Taxonomic analysis of ITS1

I'm trying to classify my ITS region 1 amplicons using the ITSoneDB (http://itsonedb.ba.itb.cnr.it/), because my samples include non-fungal eukaryotic organisms and UNITE database is fungal only.

However, ITSoneDB only provides a fasta file containing all representative sequences (see below for an example), and there is not a taxonomy file that would be needed to train a qiime classifier with. I wonder if I could still train a classifier, or if there is some other approach that I can use this representative sequences fasta file to classify my samples.

Thanks!


ITSoneDB representative sequences:

EU070644_ITS1_ENA|Eryngium fernandezianum|477861|ITS1 located by ENA annotation, 221bp
tcgatgcctgcaaagcagaacgacccgcgaacacgtcaaaaataacgggcgagcggtccggggggcgcaagctccacgcgtccgcgaacccgcaggtcgagggcgtccctgggcgctcgacggccgcaaactcaccccggcgcggaatgcgccaaggaaatagaaccggactgaacgttctcgcccccgttcgcgggtggcgatggcgtctttcagaaaca
FJ565263_ITS1_ENA|Cuitlauzina egertonii|587970|ITS1 located by ENA annotation, 216bp
tcgagaccgaaaaatataccgagcgattcggacaacccgtgaaatgagggaatggccgtcccggtcgtcgcccccgactccccttcgggaggagggggcacggcggaggatggatgaaccacaaaccggcgcagcatcgcgccaagggaatattgagatgcacgagccccgcgtcgggctcggtggcgtggagtgctgttgcacgccatgcggatg
KP325085_ITS1_HMM|Heterorhabditis sp. WS1|1659303|ITS1 located by HMM annotation, 401bp
cgtcgatgccttataggtatatgctttgatcacgagatgctgataatcatggaatcaagcttgctcttgatttcagtcggtgtctcaccccatctaagctctcggagaggtgtctattcttgattggagccgatttgagtgacggcaatgataattggatatgctcccgttcggataagagcataagacttaatgagctgatctaggtctgtcgcctcaccaaaaacccatcgatagttggtggctaagtgatgagactttgtcaaaatcactaatctgctatgcggggagccttaatgagttgttcgtgtcacttggccgagacaaccgccagtatcgataaatctcttcccaattaacttgtttctagtaaaggctattgagttagtggaacattagcc

Hey @xpeng!

I just took a look at that database, and the annotations are a little dissapointing. It looks like you are stuck with what’s in the header.

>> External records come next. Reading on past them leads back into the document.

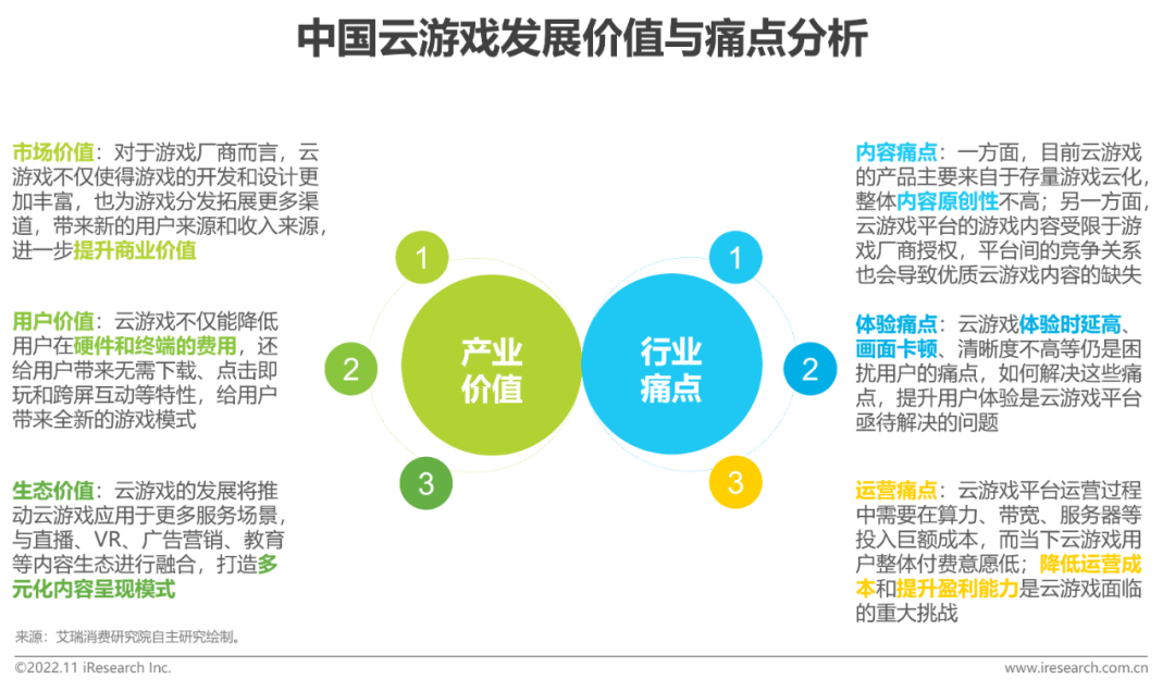 中国云游戏产业价值与行业痛点分析云游戏给行业带来新的增量,但发展过程中仍存在较多痛点元宇宙的火热使得云游戏迅速进入主流游戏市场,并给游戏行业带来新的想象空间:云游戏有望给行业带来新的市场增量和用户增量,通过无需下载、点击即玩、跨屏互动等特性,提升用户体验和用户粘性。但在近三年的发展过程中,行业仍存在着挑战和痛点,在游戏内容、用户体验和商业模式等方面仍需要市场进一步探索及验证。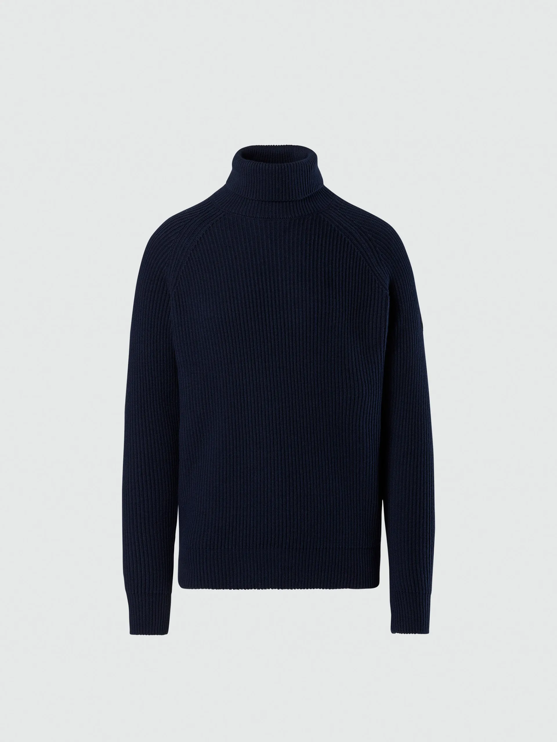Il maglione dolcevita pensato per la stagione più fredda e progettato per limitare l'impatto sul pianeta. Il modello è realizzato in un morbido filato di lana e cotone organico che contribuisce a ridurre le emissioni nocive e il consumo di acqua rispetto alle fibre tradizionali. Si caratterizza per la lavorazione a costa inglese che richiama i classici capi da marinaio e le maniche raglan per la massima libertà di movimento.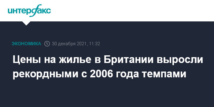 Москва. 30 декабря. INTERFAX.RU - Цены на жилье в Великобритании в декабре подскочили на 10,4% в годовом выражении после роста на 10% в ноябре, свидетельствуют данные британского ипотечного общества Nationwide Building Society.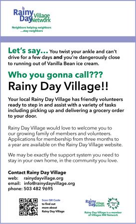 Learn More About Rainy Day Village. Become a Member or a Volunteer. Posted on May 25, 2023May 24, 2023 by North Coast BBQ Submitted By: info@rainydayvillage.org – Click to email about this post Visit our website www.rainydayvillage.org/ to sign up for our mailing list or to become a member or volunteer.
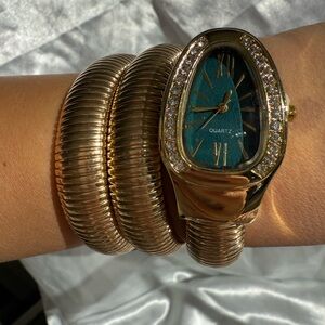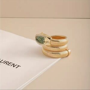 This luxurious gold-tone wrap watch features a flexible snake-like coil bracelet and a striking green dial framed with sparkling crystals. A bold fashion statement that blends sophistication with edge.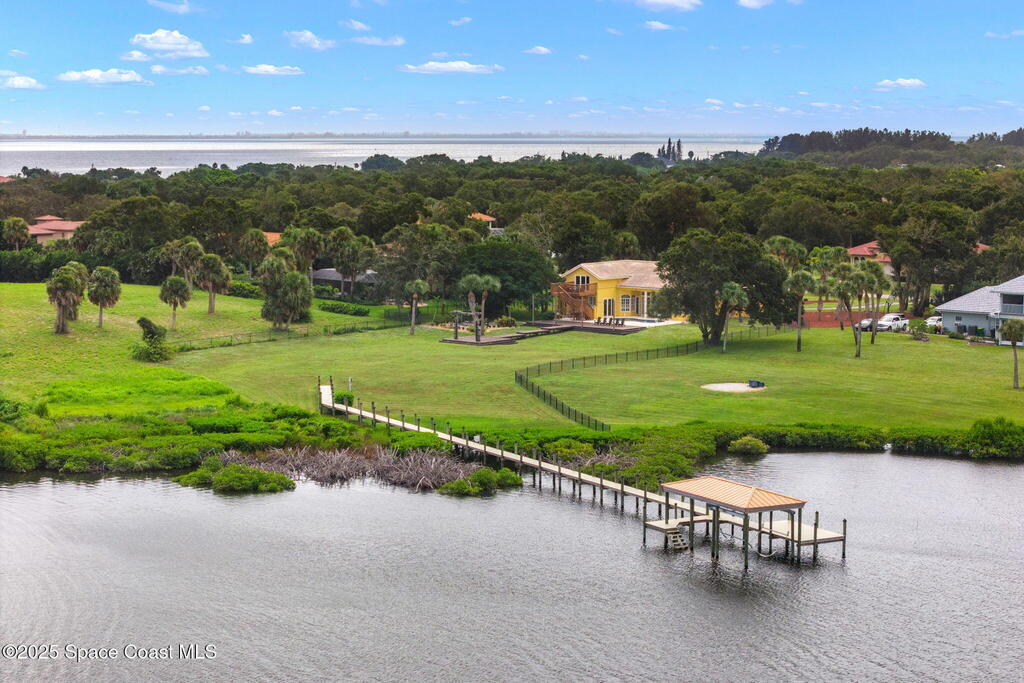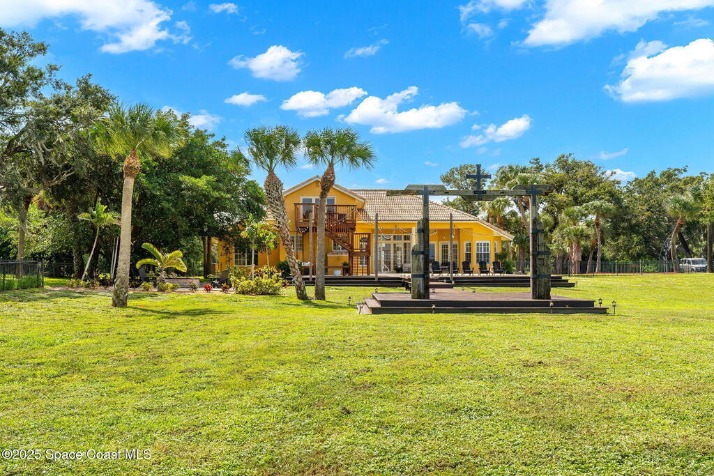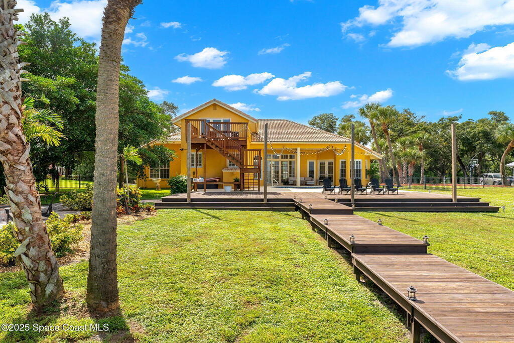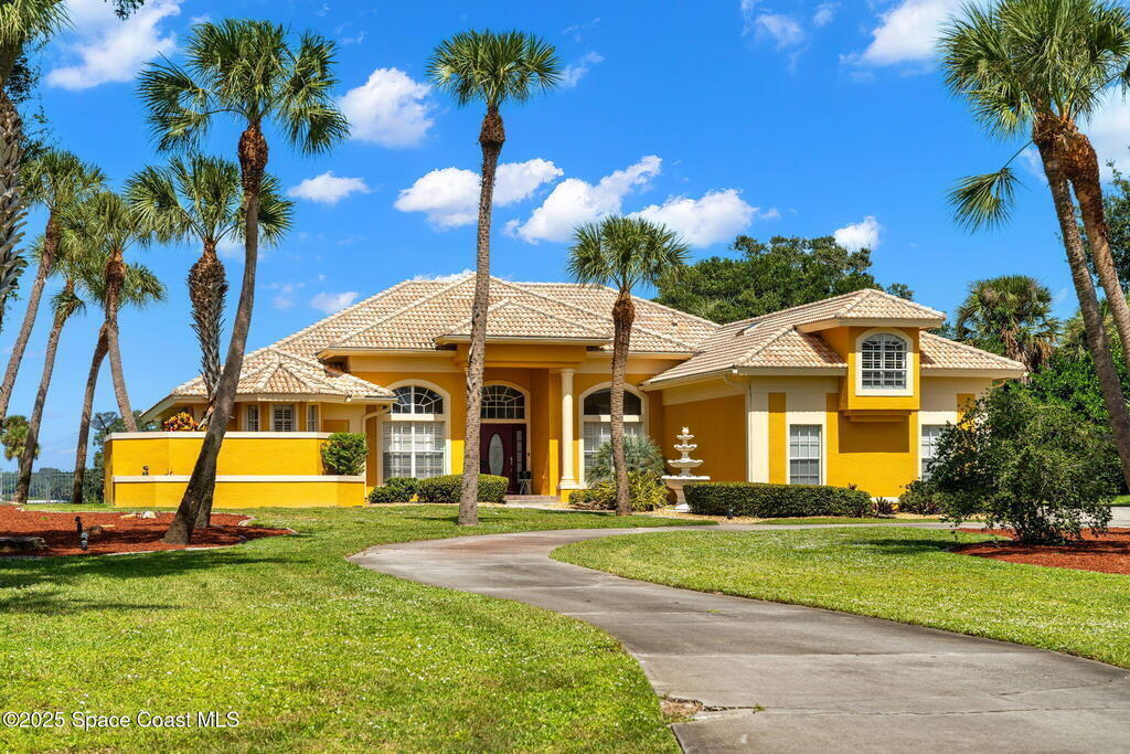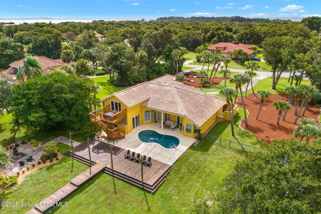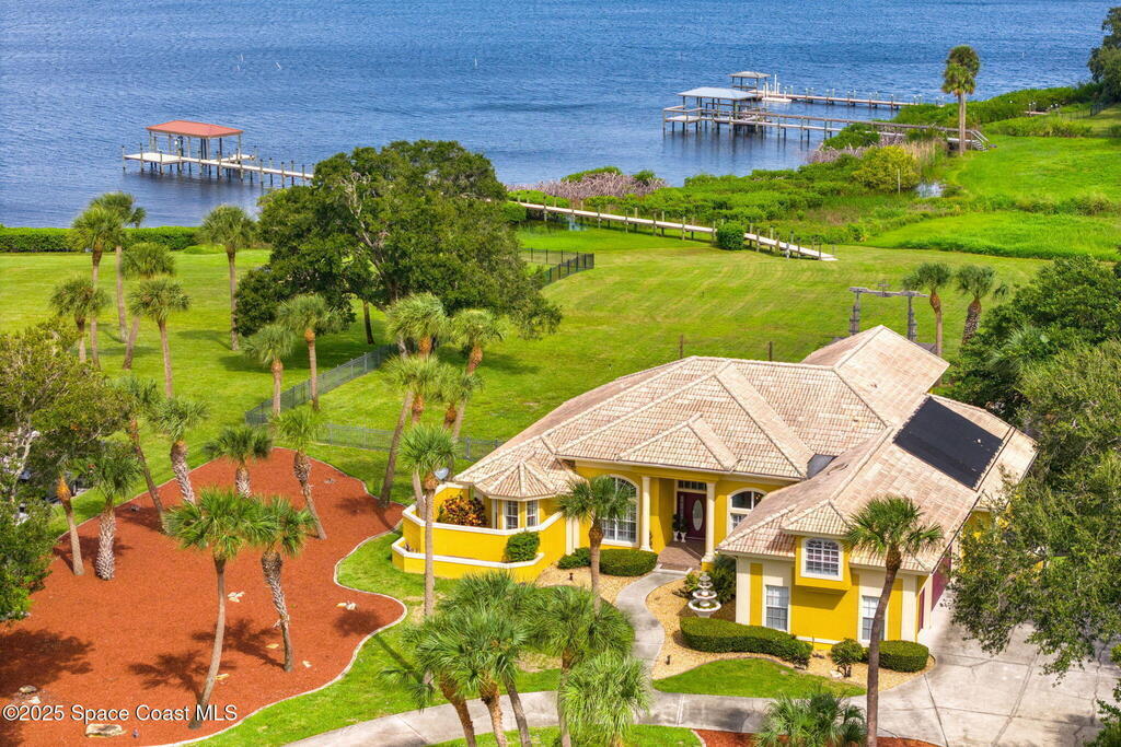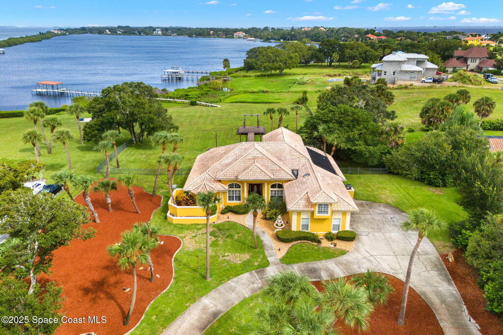 Luxury living awaits you in this one-of-a-kind Merritt Island Estate. Boasting over 2 acres of property, this pool home is situated on Honeymoon Lake, providing breathtaking views and direct access to the Indian River. The owner's suite is complete with double walk-in closets, separate tub & shower, and dual vanities. Tall white cabinets, granite countertops & backsplash, and stainless steel appliances give the kitchen a bright and sleek look while the breakfast bar, kitchen island, and ample countertops make it perfect for hosting. Two separate upstairs areas provide flexibility for your lifestyle, allowing you to use them as extra bedrooms, gyms, or bonus rooms. Whether from the balcony or from the solar-heated pool, the backyard's northern exposure allows for stunning views of sunrise and sunset. With 2018 barrel tile roof, two new HVACs, and a boat lift already in place, this home is truly turnkey, all you need to do is pull up in the boat!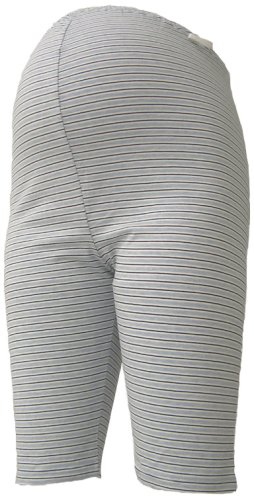 妊娠初期から産前まで着用できる5分丈のスパッツ。ウエストは結んで調整ができるゴム入り。伸縮性に優れた素材で、産後でも着用できる。

Now because some of these are ENA sequences, you could look up the accession. For example:

EU070644 has a nice taxonomy associated with it. I don’t have any experience querying ENA, but maybe others have a way to automate this.

For the HMM inferred rep-seqs, I don’t have a good answer, because it’s not clear to me where those (original?) IDs come from.


As far as QIIME 2 is concerned, there isn’t a way out of the taxonomy file, and the FASTA headers here aren’t actually enough to go on either (probably…).

Following up on that, do you need a full taxonomy, or are the accession numbers sufficient for your purposes? If so, it’s a pretty simple script to parse the headers and grab the first section of |-delimited values. If you were to create a “taxonomy file” which mapped the full ID to that, QIIME 2 would be satisfied, but you’d only have 1 taxonomic level (which is usually not the goal).

Sorry I don’t have better news, hopefully other’s have some experience with ENA querying.

1 Like

Hey Evan thanks for your prompt response!

I also thought of paring the headers to generate a mock taxonomy file in order to train a classifier, but I was also wondering if there exists a native approach to dealing with such a file. You answered my question. I’m writing the people who maintain the database to find out how the the HMM IDs were generated.

I will look around for automation methods for querying ENA with genus/species names.

2 Likes

Just a followup for those who are interested in using ITSoneDB for their analysis.

I was informed by the developers of ITSoneDB that they are working on generating a taxonomy file for their ITS1 sequence database. Stay tuned for its release.

3 Likes

This topic was automatically closed 31 days after the last reply. New replies are no longer allowed.